# Egyptian Arabic: I have been coming/going/playing...



## londonmasri

Hey all,
One thing that I have wanted to know for a long time is how to say

*I have been* _playing a lot_ ... (not I have played or I played).
E.g. I have been coming a lot lately

and also the negative, i.e. *I have not been* _playing a lot lately_

I have not been coming lately.

Many thanks in Advance.


----------



## Haroon

You may say : ...ظللت ألعب / أمارس اللعب لفترة طويلة ...ما زلت أتردد على هذا المكان كثيراً في الفترة الأخيرة ...Concerning the Negative :..لم أعد ألعب / أمارس اللعب كثيراً في الآونة الأخيرة .....لم أتردد  -على هذا المكان -أو لم أزر هذا المكان منذ فترةOf Course there are many better alternative translations , but , generally,the difference between  Present perfect Tense and Presnet perfect Continous ( in Arabic ) is made clear by using some additional words that clarify the sentences .


----------



## londonmasri

Many thanks, it is interesting what you say about just adding additional words to alter tense. 

Would it be possible to get this also in egyptian arabic? 
Shukran


----------



## Josh_

I don't know if I can give a natural Egyptian translation, but perhaps something like this:



londonmasri said:


> *I have been* _playing a lot_ ... (not I have played or I played).


بلعب كتير الأيام دي
_ bal3ab kitiir il-ayyam-di_


> E.g.
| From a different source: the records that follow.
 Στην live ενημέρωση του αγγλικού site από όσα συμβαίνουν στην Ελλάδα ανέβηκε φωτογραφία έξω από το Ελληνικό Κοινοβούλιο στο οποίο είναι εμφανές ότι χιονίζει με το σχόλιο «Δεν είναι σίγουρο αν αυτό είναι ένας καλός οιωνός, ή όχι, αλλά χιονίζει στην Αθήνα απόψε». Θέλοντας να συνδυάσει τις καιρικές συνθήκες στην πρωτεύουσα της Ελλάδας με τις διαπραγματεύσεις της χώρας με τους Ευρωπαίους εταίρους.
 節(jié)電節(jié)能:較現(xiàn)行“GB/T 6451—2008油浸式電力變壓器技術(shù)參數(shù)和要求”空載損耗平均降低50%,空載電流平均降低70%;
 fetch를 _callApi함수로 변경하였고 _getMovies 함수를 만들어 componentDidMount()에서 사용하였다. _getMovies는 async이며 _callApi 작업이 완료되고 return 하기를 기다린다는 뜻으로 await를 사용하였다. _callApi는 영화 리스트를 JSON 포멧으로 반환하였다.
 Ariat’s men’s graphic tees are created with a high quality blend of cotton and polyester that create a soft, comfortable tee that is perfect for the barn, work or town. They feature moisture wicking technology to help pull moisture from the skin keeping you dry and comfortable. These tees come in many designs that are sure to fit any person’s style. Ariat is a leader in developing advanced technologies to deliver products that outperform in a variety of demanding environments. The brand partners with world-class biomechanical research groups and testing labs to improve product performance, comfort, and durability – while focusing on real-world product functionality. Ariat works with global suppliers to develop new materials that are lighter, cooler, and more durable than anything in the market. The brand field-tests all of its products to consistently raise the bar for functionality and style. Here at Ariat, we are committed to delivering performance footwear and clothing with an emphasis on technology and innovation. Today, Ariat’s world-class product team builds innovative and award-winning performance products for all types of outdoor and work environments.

I have been coming a lot lately


باجي كتير الإيام دي
_ baagi kitiir il-ayyam-di._


> and also the negative, i.e. *I have not been* _playing a lot lately_


مش بلعب كتير الأيام دي
_ mush bal3ab kitiir il-ayyam-di._



> I have not been coming lately.


مش باجي كتير الأيام دي 
_ mush baagi kitiir il-ayyam-di_

As you can see expressing the present perfect progressive is bit difficult in Arabic as there is not a specific tense for it.  So one can use a phrase such as الأيام دي , which literally means "these days," or Haroon's لفترة طويلة (for a long time) to approximate this tense.

In certain cases you could also use the structure بقى لي (or بقالي as it might be spelled in Egyptian) _ba2aali_, which literally means "(there has) elapsed to me."  For example:

_ba2aali wa2t kitiir bal3ab
_I have been playing for a long time.


----------



## londonmasri

Thanks for that Josh.

Thats an expression I have heard a lot (ba2aali) but never known what it meant.

nice one!


----------



## gaggi

Hi!
There is also this way in spoken Arabic:

كنت العب كتير
kunt al3ab ktir

means: I was playing a lot, or I used to play a lot.
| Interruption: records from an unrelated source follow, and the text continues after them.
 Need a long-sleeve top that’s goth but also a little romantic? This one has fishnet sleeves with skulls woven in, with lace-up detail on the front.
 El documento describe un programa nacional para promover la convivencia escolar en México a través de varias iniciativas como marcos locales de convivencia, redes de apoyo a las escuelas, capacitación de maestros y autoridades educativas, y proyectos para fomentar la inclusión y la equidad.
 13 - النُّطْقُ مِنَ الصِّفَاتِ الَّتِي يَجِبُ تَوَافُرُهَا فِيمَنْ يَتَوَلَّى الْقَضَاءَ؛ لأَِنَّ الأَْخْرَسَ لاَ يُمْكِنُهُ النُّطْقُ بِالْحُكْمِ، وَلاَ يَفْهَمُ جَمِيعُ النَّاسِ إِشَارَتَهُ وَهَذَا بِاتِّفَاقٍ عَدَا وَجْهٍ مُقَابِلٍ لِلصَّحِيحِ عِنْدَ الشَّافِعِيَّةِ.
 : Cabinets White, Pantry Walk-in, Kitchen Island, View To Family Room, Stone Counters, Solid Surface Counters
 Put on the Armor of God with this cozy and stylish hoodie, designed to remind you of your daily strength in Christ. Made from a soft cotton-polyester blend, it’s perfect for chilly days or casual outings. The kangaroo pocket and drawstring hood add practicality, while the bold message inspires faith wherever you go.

The verb kan (كان) is very common to create a durative or habituative aspect.

I don't know how often it is used in Egyptian Arabic, but it is very common in Palestinian Arabic, as well as Syrian and Lebanese.. It is also used in written Arabic.


----------



## clevermizo

gaggi said:


> Hi!
> There is also this way in spoken Arabic:
> 
> كنت العب كتير
> kunt al3ab ktir
> 
> means: I was playing a lot, or I used to play a lot.



Yes, but this does not mean the same thing as "I have been coming/going/playing." This measures time from a certain point in the past and continues into the present. Many languages use the present tense+time adverbials to express this, such as is the case with colloquial Egyptian in this thread.


----------



## londonmasri

clevermizo said:


> Yes, but this does not mean the same thing as "I have been coming/going/playing."


 
...that's correct CM - kunt b'al3ab means 'I used to play/I was playing' as you pointed out gaggi.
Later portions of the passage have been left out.